1. Facial sauna. Too strapped for cash to treat your facial pores to a good steam cleaning? No problem. If you have a dishwasher, as soon as it’s finished the drying cycle, open the door and stick your head inside. Okay, it’ll ruin any groovy hair-do you’ve carefully coiffed, but damn, no more blackheads!
2. Looking a bit wan? Feel you need a bit of the summer-sun look to your face? Look no further! Once your dinner has finished cooking, whack open that oven door and stick your head inside. The heat will toast your skin marvellously, and you’ll come out looking like the first day of your vacation after sunning on the beach! Be careful of those shelves, though. They tend to hurt if you smack your head into them and leave an unsightly burn on your brow.
3. Hair looking lacklustre? No money for expensive conditioning treatment? No problem. Douse your hair in cooking oil then cover it with clear wrap for twenty minutes. You’ll have to wash it out using dish washing detergent, but you’ll have one hell of a gloss on your hair. This one really works—olive oil is best. Of course, don’t go near any naked flames while treatment is in process, but you knew that, right?
4. Need to lose a couple of pounds so your clothes fit nicely for that all-important meeting or night out? Ask a friend to help strap your body in duct tape. You might walk like you’re stiff as a board, but shit, you’ll look a dream in that little black dress or power-suit! And of course, when you get home and it’s time to take the tape off, think of the money you’ll save on waxing treatments!

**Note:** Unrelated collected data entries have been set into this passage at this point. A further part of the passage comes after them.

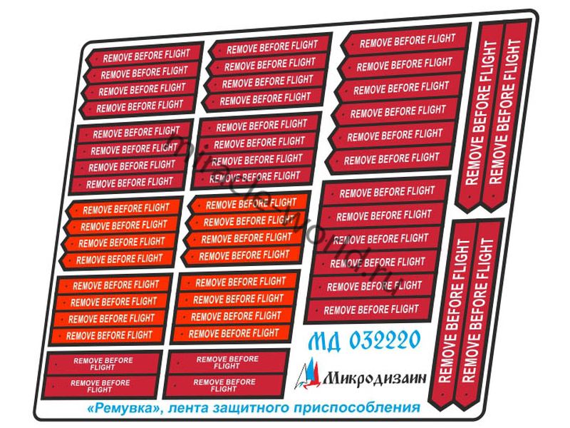 Микродизайн 032220 Ремувки "Remove before flight" /цветной набор фототравления/ 1/32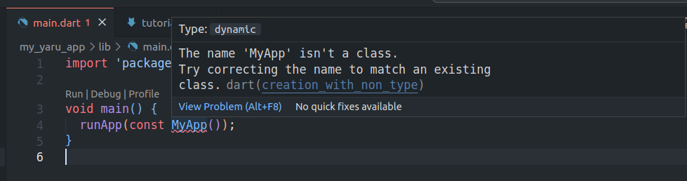 Dart will now complain that the class MyApp does not exist any longer. Because we've just deleted it on purpose.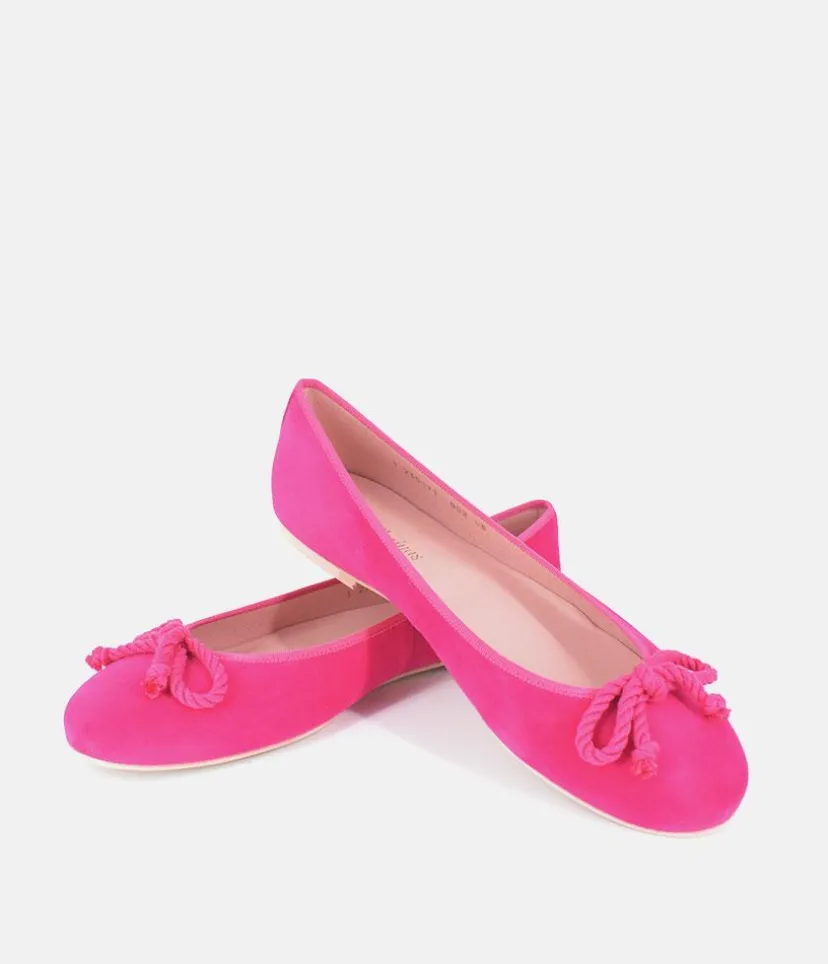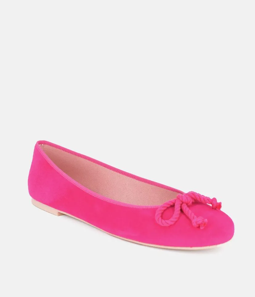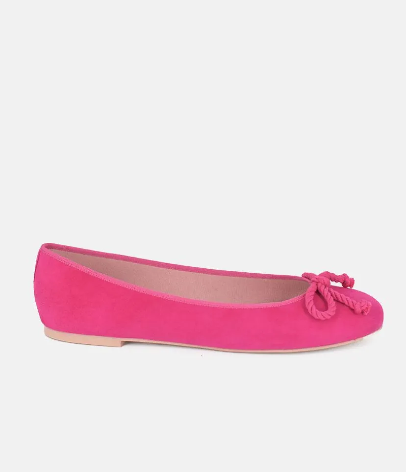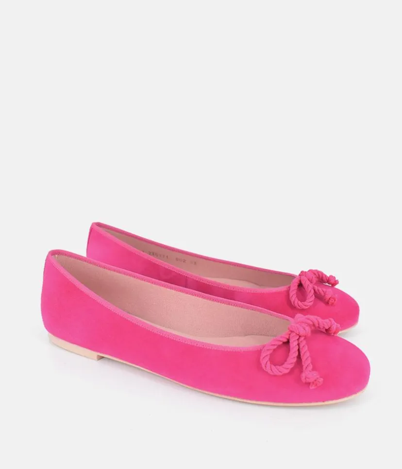 A Classic Pretty Ballerina style in a soft Suede leather and finished to perfection with a delicate rope-bow and trim detail. This classic style has a 0.5 inch heel with a rubber sole for flexible support and comfort.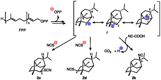 Scheme 1 leads to a unifying biosynthetic proposal for the biogenesis of TC, ITC and TI isonitriloids; for example, the three iso-morphic neopupukeanane natural products, 2c, d, k (Scheme 2), link thiocyanate and isonitrile formation. The ionization of farnesyl pyrophosphate (FPP), followed by stepwise cyclizations, as first proposed by Scheuer [15] and Opatz [1] and respective coauthors, yields stabilized incipient carbocation, i (represented in this paper by non-classical resonance forms [24,38]), which is captured by a C1 nucleophile (NCS− or NC-COOH) to yield the isonitriloids 2c, d, k. While the absolute configuration (AC) of neopupukeanane isonitriloids have not been independently assigned, 2c, d, k as depicted here conform to the rational biosynthetic proposal by Scheuer from amorphanyl cation [15] and his original assignment of the AC of the pupukeanane skeleton by CD [13].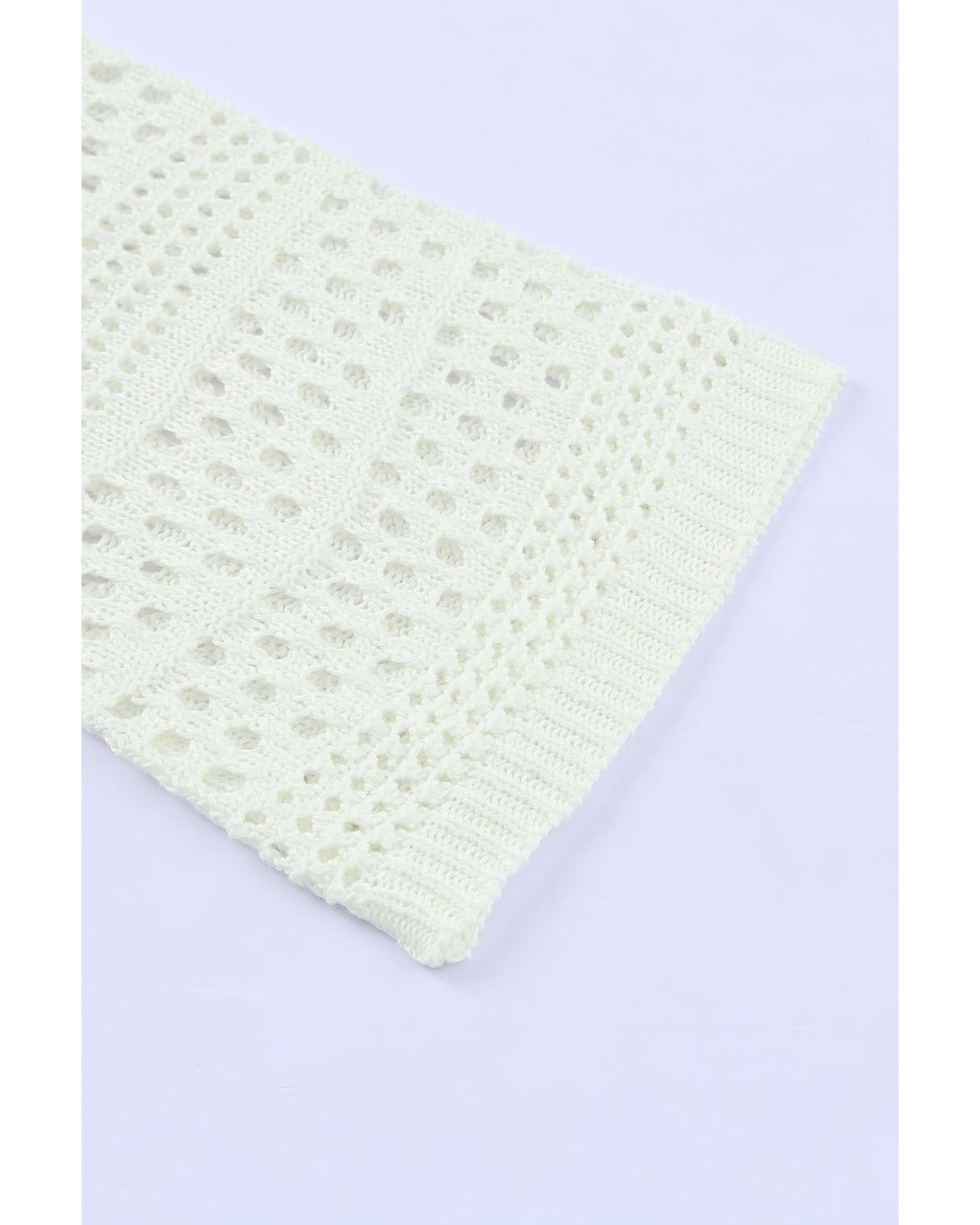 White Hollow Out Crochet V Neck Pullover Sweater – XL

5. A little bunged up in the bowel department? Feeling bloated and sore? Exchange that stomach soreness for another kind by scoffing a whole bag of prunes. You’ll need a day off for this magnificent treatment and a toilet nearby, but hey, you’ll have saved a packet on that colon cleansing you’ve always wanted!
Have a nice day, folks! Oh, and please add your groovy tips to the mix!